The cleansing stream I see! I see!

I plunge, and oh, it cleanseth me!

Phoebe Palmer's hymn celebrating the sanctifying power of Christ's blood joined a chorus of American voices seeking to be made clean.

One of the strongest of these voices emerged from a small college in the forests of northern Ohio. Built in a key town on the Underground Railroad, Oberlin College was a novelty in its day, admitting women and integrating black students. Its reforming vision came straight out of another kind of integration: the belief that evangelical piety and social reform must be indivisible.

Oberlin's first president, Asa Mahan, and its first theology professor, the famous evangelist Charles Finney, did not hold the traditional Calvinist view of total depravity and predestination. They taught instead that sinners had the "natural" ability to believe, and that evangelistic methods could overcome their "moral" inability through the persuasive power of the Gospel. They understood saving faith as an act of the will that anyone could be expected to make immediately, without waiting for God to give the necessary grace.

In the early years of their activities at Oberlin, both Finney and Mahan applied this same understanding to the Christian's growth toward spiritual maturity—that is, the classical theological topic of sanctification.

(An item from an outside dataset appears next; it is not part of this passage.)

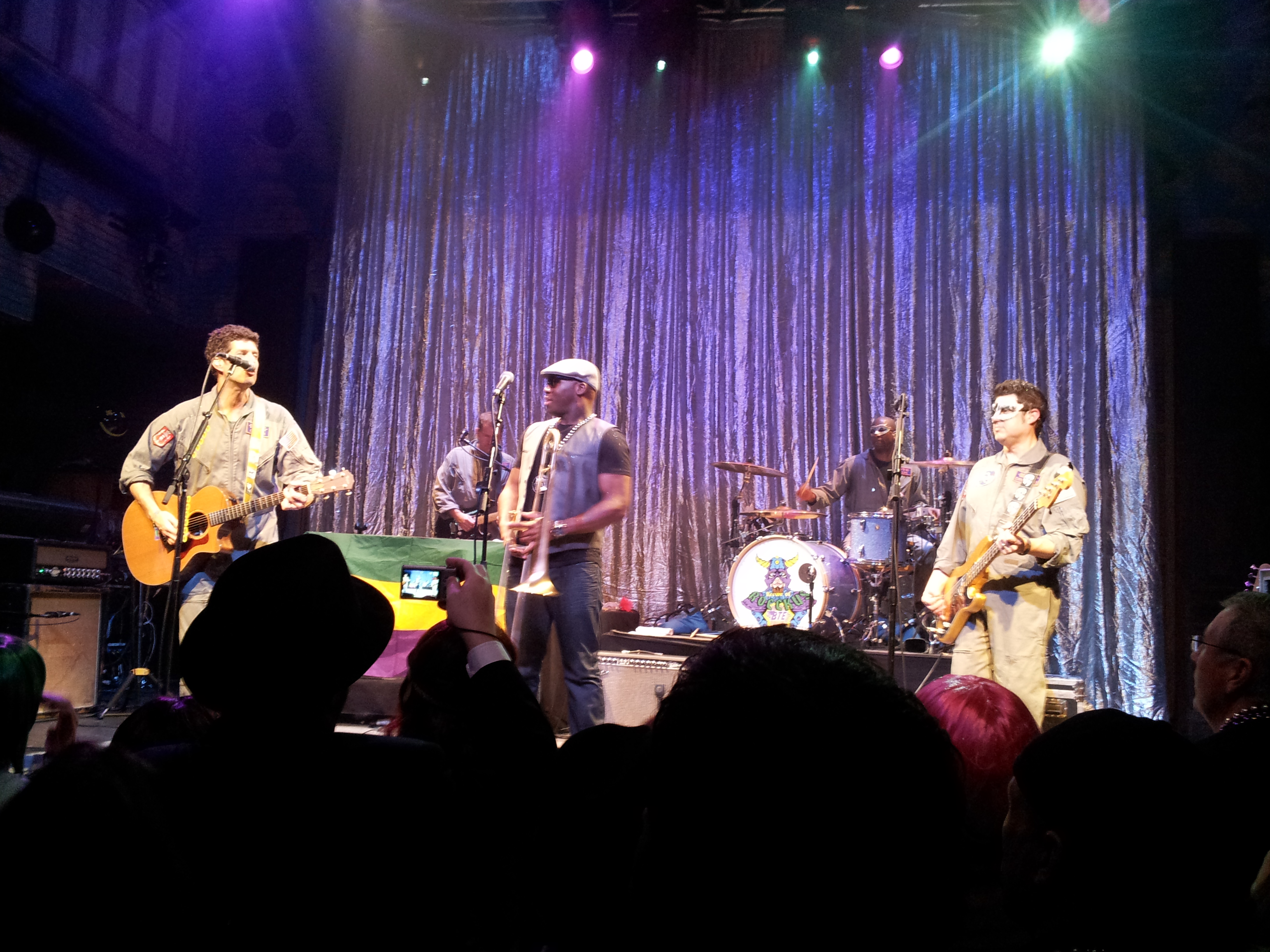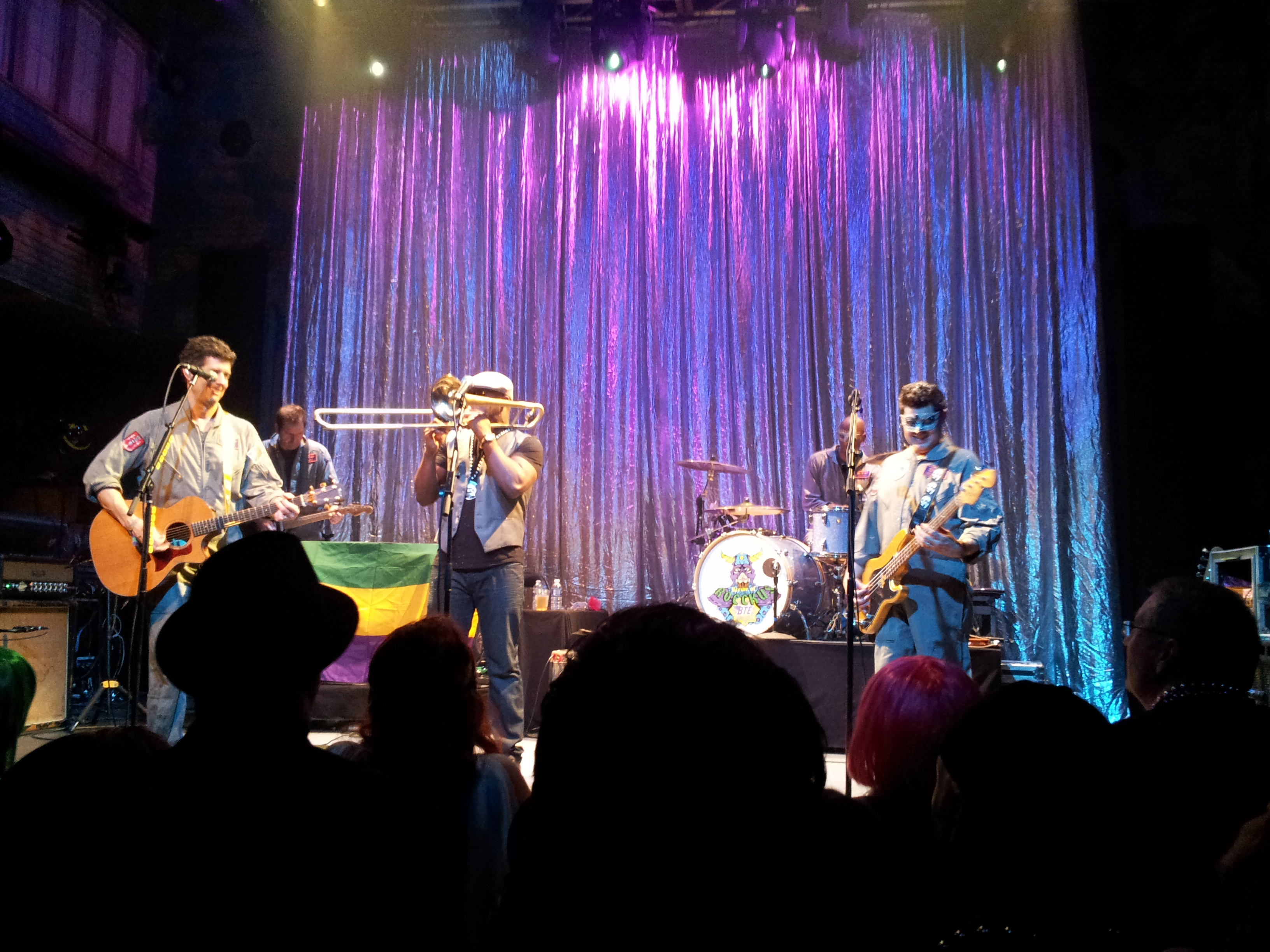 Opener Big Sam with his Funky Nation not only brought the funk, but a similar hard-driving, visceral energy. You’ll rarely hear trombones played over rock and funk with such a hard edge, and so impressed was KoR that, as mentioned above, a good portion of the group followed them to Blue Nile. After this strong opener, BTE was in top form, with Jerome propelling them forward full force. There were no new antics–Michael Jerome telling the story of his partying by playing only the cowbells has become a common gag, though still fun–but the songs were well-chosen and well-played, leaning heavily on the strong Closer album. The only hitch in the night was a drunken dolt who pushed his way up front and not only was annoying but rude to one of the women in our gang. The men swarmed, ready to self police (I was running through jiu jitsu chokes in my head) and he soon got the message and left. By the time the band invited all its lovely female fans onto stage for sultry favorite, “Juicy,” (or more appropriately “J-j-j-j-j-j-j-j-j-juicy!”), the crowd was at fever pitch. It was a satisfying end to a satisfying three day ride with Krewe of Rocckus. If only it would have ended there….

To be sanctified, they insisted, required only the same kind of simple, instantaneous faith one exercised to be converted.

In 1836, both Mahan and Finney experienced "second conversions" that they identified as "baptisms with the Holy Ghost." Mahan believed that as a result of this experience, his desires and inclinations had been purified, so that he not only was free from committing sin but no longer had a habitual ...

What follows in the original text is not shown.